As ever, the blog will be here to keep anyone who's interested up to date on what's going on when major development milestones are reached or something pretty is added.

Thanks for your interest so far in what was year one of Asciilands development!

Token screenshot? I'm working on a new map. I call it "aquecuct.map". Here's a preview taking from maximap.php (that thing that renders the whole map).

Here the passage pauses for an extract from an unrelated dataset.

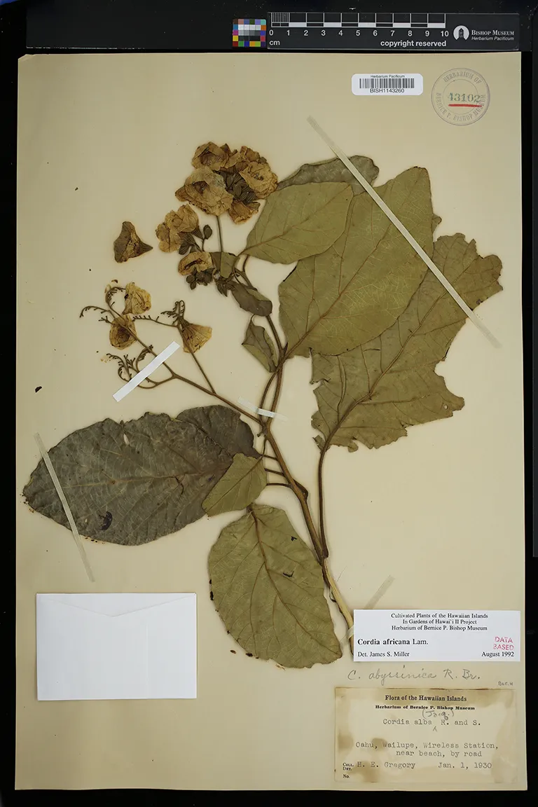 | 15 | Cordia africana | Lam. | Wailupe, Wireless Station, near beach, by road | PRESERVED_SPECIMEN | Gregory, H.E. | s.n. | Oahu | BISH | 1/1/1930 | |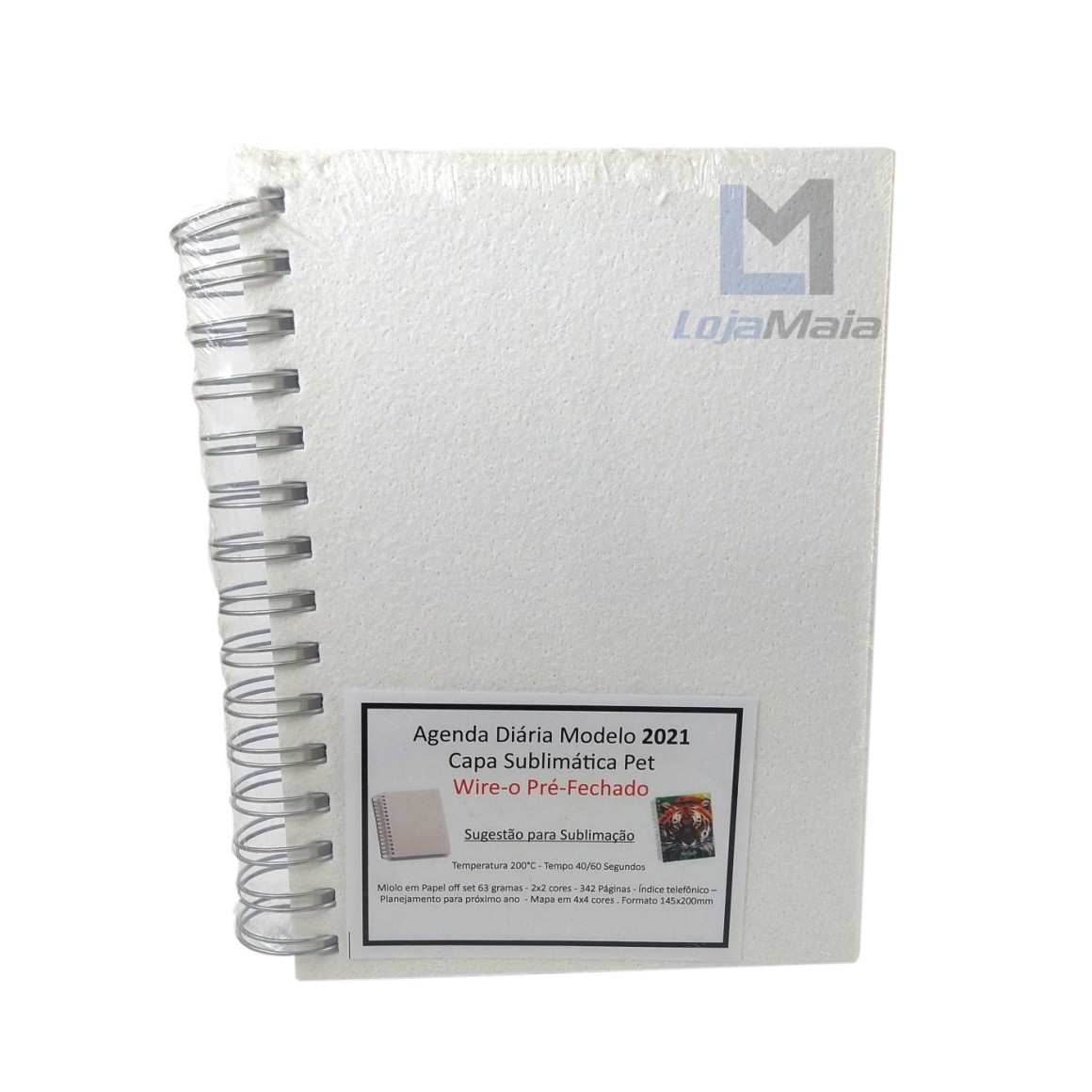 AGENDA DIÁRIA EM WIRE-O SUBLIMÁTICA - Wire-o Pré Fechado - Sugestão para Sublimação = Temperatura 200ºC | 40/60 segundos - Miolo de Agenda Diária - 2x2 Cores - 342 páginas - Off-set 63g com Mapa 4x4 Cores - Índice Telefônico - Planejamento - Formato da Agenda 145x200mm.

I can't promise that we won't do a quest that starts with an NPC saying "Hero, please help us! Our water has gone fetid and..." etc.

Thursday 15 May 2014

Return to The North

The North was a region I first started working on about a year ago, back when Asciilands was still in its infancy. I wrote some code for some tiles and sprites and diligently typed the maps, character by character, into blank text documents.

Shortly afterwards, Jared completely revamped the engine and the map became completely broken. Some elements of the map - like the more muted colour palette and the approach to incorporating caves - went on to influence our approach to Asciilands generally. The map itself, however, was abandoned.

Until now.

I've included some screenshots of my latest attempt at making a snowy region. Some things I'm happy with (the overall feel, the colour scheme), and some things I'm not so sure about (my attempts to soften the border between snow and grass in the bottom screenshot).





In other news, Jared and I have started roughly mapping out the main continent of Asciilands, complete with snowy plains, ragged coastlines, deserts both arid and cold, open fields, forested swamps, waterlogged mountains, and strange hidden red-tinged forests of decaying wood and rotting cloth. One of our primary aims is to make exploration feel rewarding; with any luck the variety of environments will help us achieve this.